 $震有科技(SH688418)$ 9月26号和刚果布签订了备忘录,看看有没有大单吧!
--
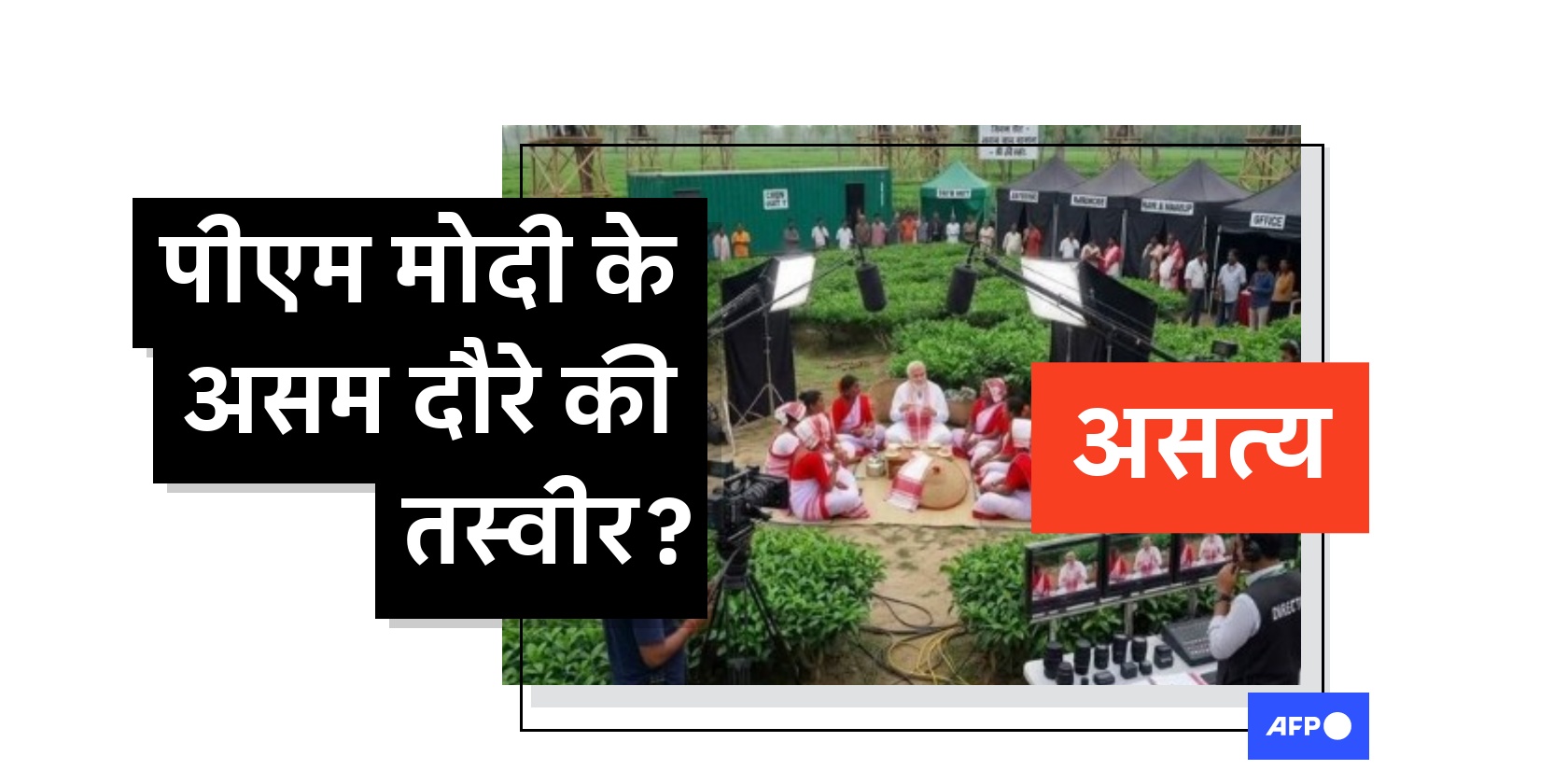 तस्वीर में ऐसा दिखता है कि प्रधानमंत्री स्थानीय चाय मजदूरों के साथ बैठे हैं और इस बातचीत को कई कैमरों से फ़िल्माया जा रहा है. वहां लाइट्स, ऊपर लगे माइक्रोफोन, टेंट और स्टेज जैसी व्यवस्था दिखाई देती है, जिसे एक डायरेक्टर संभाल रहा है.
* * *
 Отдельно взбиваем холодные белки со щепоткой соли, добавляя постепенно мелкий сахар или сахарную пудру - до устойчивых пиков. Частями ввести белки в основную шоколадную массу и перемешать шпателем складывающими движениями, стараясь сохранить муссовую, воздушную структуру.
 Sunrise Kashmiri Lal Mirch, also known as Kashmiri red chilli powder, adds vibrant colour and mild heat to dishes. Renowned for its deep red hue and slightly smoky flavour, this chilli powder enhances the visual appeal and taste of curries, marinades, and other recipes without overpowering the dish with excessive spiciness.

Work task: Copy the lines above exactly, beginning at the line that has "Отдельно взбиваем холодные" and stopping after the line that has "Sunrise Kashmiri Lal", and omit the rest.

The completed task:
 Отдельно взбиваем холодные белки со щепоткой соли, добавляя постепенно мелкий сахар или сахарную пудру - до устойчивых пиков. Частями ввести белки в основную шоколадную массу и перемешать шпателем складывающими движениями, стараясь сохранить муссовую, воздушную структуру.
 Sunrise Kashmiri Lal Mirch, also known as Kashmiri red chilli powder, adds vibrant colour and mild heat to dishes. Renowned for its deep red hue and slightly smoky flavour, this chilli powder enhances the visual appeal and taste of curries, marinades, and other recipes without overpowering the dish with excessive spiciness.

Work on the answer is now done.